The foregoing is directed to preferred embodiments of the present invention, other and further embodiments of the invention may be devised without departing from the basic scope thereof, and the scope thereof is determined by the claims that follow. However, any simple modification, equivalent change and modification of the above embodiments according to the technical essence of the present invention are within the protection scope of the technical solution of the present invention.

Claims

1. A model for seasonal style conversion of an image named MSGAN comprises a generator G, a generator F, a first true and false discriminator D_GA second true-false discriminator D_FAnd season discriminator D_S；

2. The model of seasonal style conversion of an image named MSGAN as claimed in claim 1 wherein the loss function of the generator G when trained is:

wherein X and Y represent trainingPicture of time input model, L_cGAN(G,D_GX, Y) denotes a generator G and a first discriminator D_GOf the opposing loss function, L_cyc(G) A circular consistency loss function, L, representing the generator G_colorRepresenting the hue loss function, L_ssimRepresenting a similarity loss function, L_style(G,D_S) Representing seasonal style loss functions, wherein α, β, gamma and delta are proportional weights of network loss values, and each loss function is as follows:

wherein the content of the first and second substances,

3. The model of seasonal style conversion of an image named MSGAN as claimed in claim 1 wherein the loss function of the generator F in training is:

L(F,D_F)＝L_cGAN(F,D_F,X,Y)+αL_cyc(F)+βL_color+γL_ssim；

4. The model of seasonal style conversion of images named MSGAN as claimed in claim 1, wherein the saliency information of the images is used as a reference to guide the optimization of the network, and specifically the saliency information of the network is used to set the scale weight of the loss value of the network in order to improve the visual effect of the network output images.
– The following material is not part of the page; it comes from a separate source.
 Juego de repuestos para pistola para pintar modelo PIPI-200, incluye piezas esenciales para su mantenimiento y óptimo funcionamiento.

5. The model of seasonal style conversion of images named MSGAN as claimed in claim 4, wherein the setting of the scaling weight of the network loss value with the network saliency information comprises the following steps:

6. The model of seasonal style conversion of an image named MSGAN as claimed in claim 1 wherein the structure of generator G and generator F is a symmetric convolutional neural network with 7 layers of residual blocks, in order from input to input: an automatic coding structure, a residual block structure and a self-decoding structure.

7. The model of seasonal style conversion of images named MSGAN as claimed in claim 1, wherein the structure of the seasonal discriminator Ds is a classical AlexNet network structure.
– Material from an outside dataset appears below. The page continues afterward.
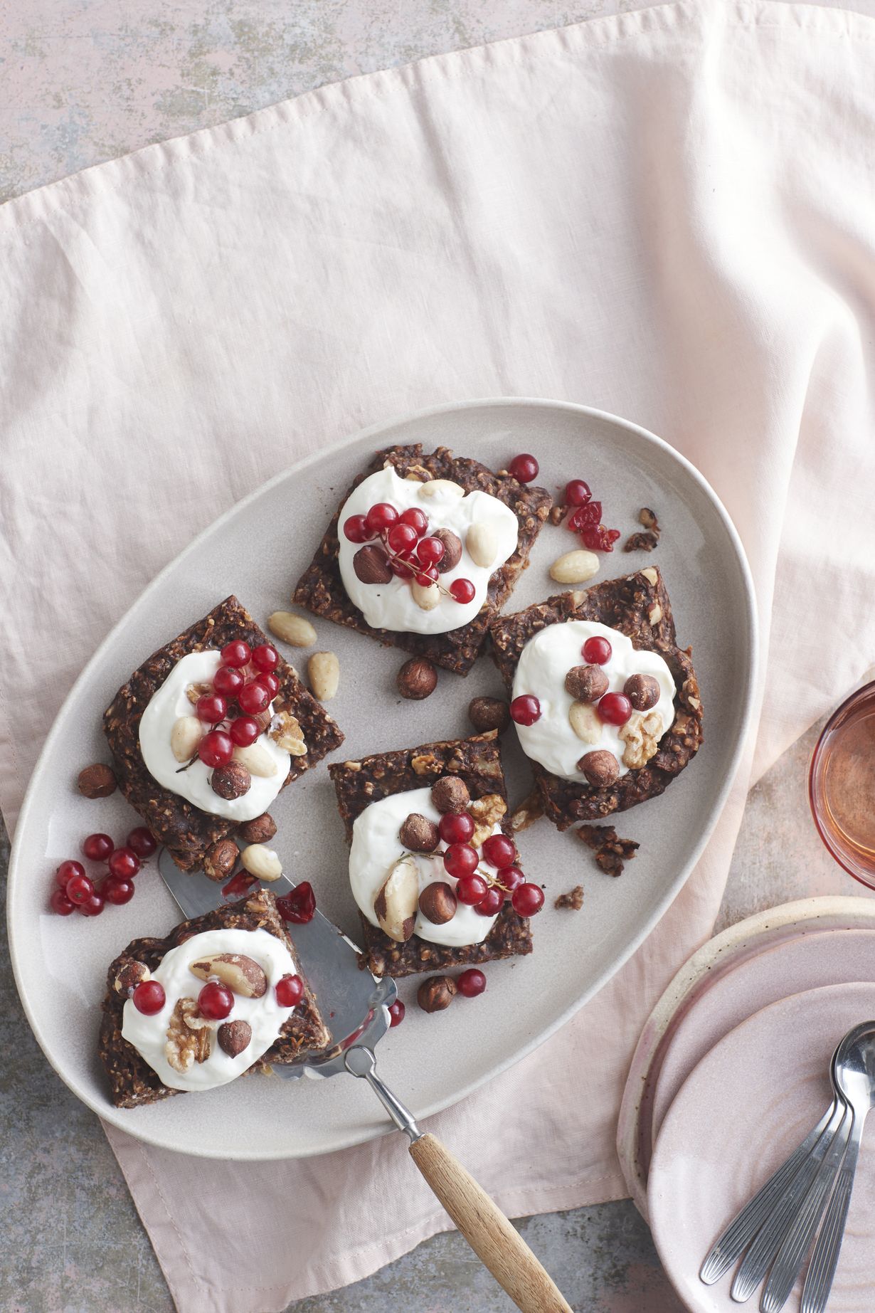 - Paloittele jäähtynyt paistos annospaloiksi. Notkista jugurtti. Lusikoi jugurttia palojen päälle. Koristele pähkinöillä ja marjoilla.

8. The model of seasonal style conversion of an image named MSGAN as claimed in claim 1 wherein the input image is converted to a gray scale map without seasonal features before the picture is input to the generator G.

9. An image seasonal style conversion method based on the seasonal style conversion model of the image named MSGAN of any one of claims 1 to 8, comprising the steps of:

step S1: constructing the MSGAN model and training the MSGAN model;

10. The method of image seasonal style conversion based on a seasonal style conversion model of an image named MSGAN according to claim 9, wherein: in step S3, the preprocessing specifically includes: and carrying out gray level processing on the picture to be converted so that the picture does not have seasonal characteristics.